==== Input data ====

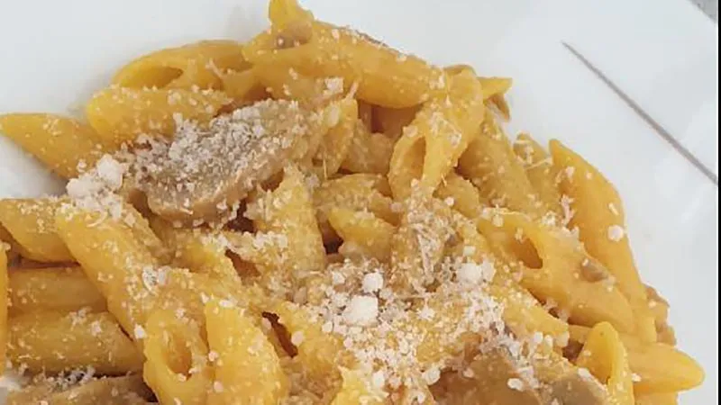 Un primo piatto che unisce la rusticità dei funghi alla nobiltà dello zafferano, in una preparazione cremosa e avvolgente. La tecnica di cottura 'risottata' conferisce alla pasta una consistenza unica, con i chicchi che rilasciano amido creando una salsa vellutata e intensamente profumata. I funghi, saltati brevemente, mantengono una piacevole consistenza carnosa che contrasta con la cremosità del fondo, mentre lo zafferano impregna il tutto di un colore dorato e di un aroma inconfondibile, terroso e leggermente amarognolo.
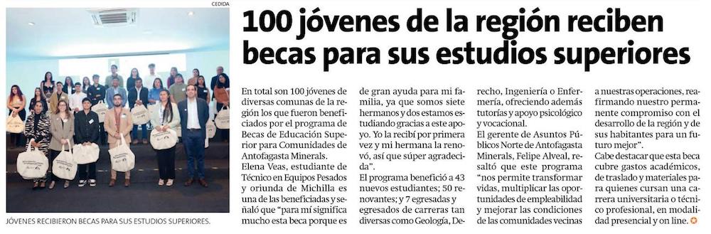Cien jóvenes de la región reciben becas para sus estudios superiores - (El Mercurio de Calama)
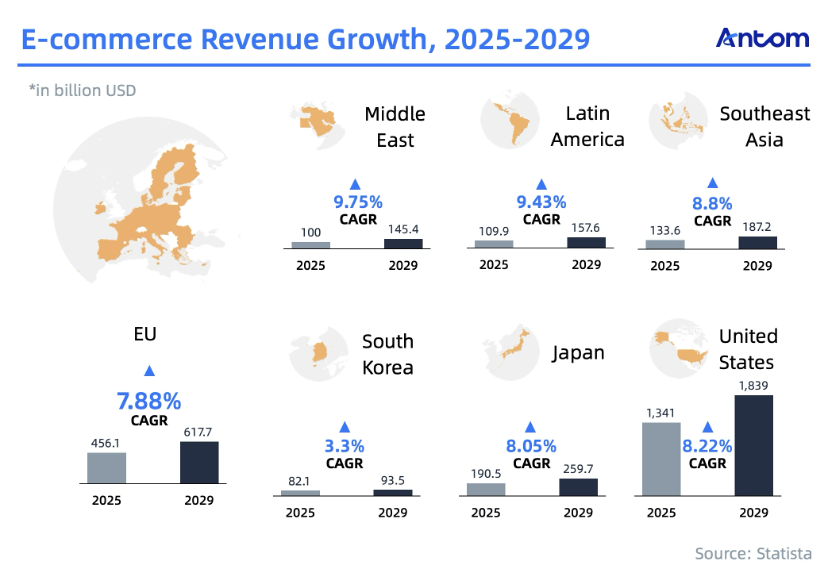 E-commerce is gaining strong momentum in the EU as consumers actively shop online for both affordable and luxury goods. Statista forecasts that from 2025 to 2029, the EU e-commerce market will grow from US$456.1 billion to US$617.7 billion, with a CAGR of 7.88%.
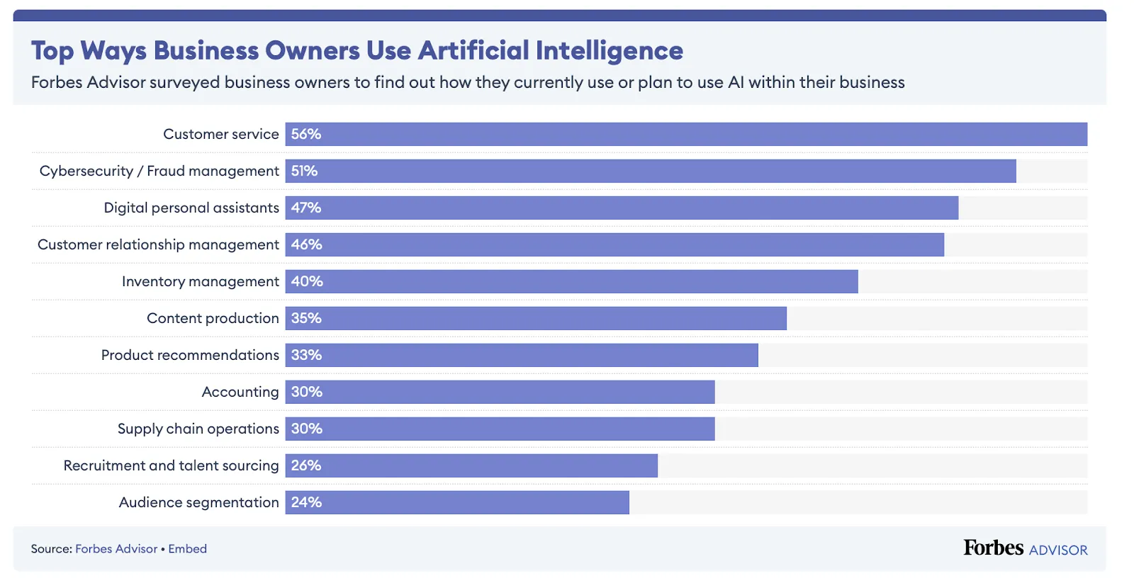 ✅ As per Forbes, businesses are using AI across a wide range of areas, with the highest adoption rate in customer service (56%) and cybersecurity (51%).
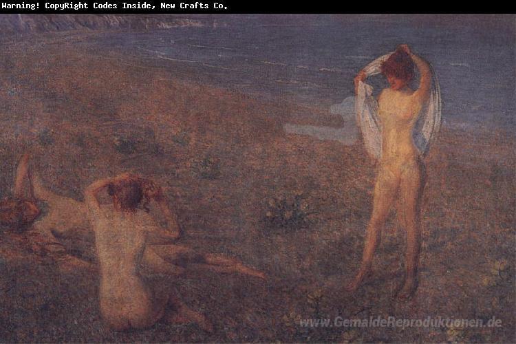Wir bieten Ihnen eine handgefertigte Reproduktion auf Leinwand des berühmten Kunstwerks 'Ein Sommer-Abend-' von Philip Wilson Steer, aus dem Reproduktionsmuseum.

====

Problem to solve:
When copying the records above, please match them exactly but leave out all pictures.

Exercise result:
 Un primo piatto che unisce la rusticità dei funghi alla nobiltà dello zafferano, in una preparazione cremosa e avvolgente. La tecnica di cottura 'risottata' conferisce alla pasta una consistenza unica, con i chicchi che rilasciano amido creando una salsa vellutata e intensamente profumata. I funghi, saltati brevemente, mantengono una piacevole consistenza carnosa che contrasta con la cremosità del fondo, mentre lo zafferano impregna il tutto di un colore dorato e di un aroma inconfondibile, terroso e leggermente amarognolo.
Cien jóvenes de la región reciben becas para sus estudios superiores - (El Mercurio de Calama)
 E-commerce is gaining strong momentum in the EU as consumers actively shop online for both affordable and luxury goods. Statista forecasts that from 2025 to 2029, the EU e-commerce market will grow from US$456.1 billion to US$617.7 billion, with a CAGR of 7.88%.
 ✅ As per Forbes, businesses are using AI across a wide range of areas, with the highest adoption rate in customer service (56%) and cybersecurity (51%).
Wir bieten Ihnen eine handgefertigte Reproduktion auf Leinwand des berühmten Kunstwerks 'Ein Sommer-Abend-' von Philip Wilson Steer, aus dem Reproduktionsmuseum.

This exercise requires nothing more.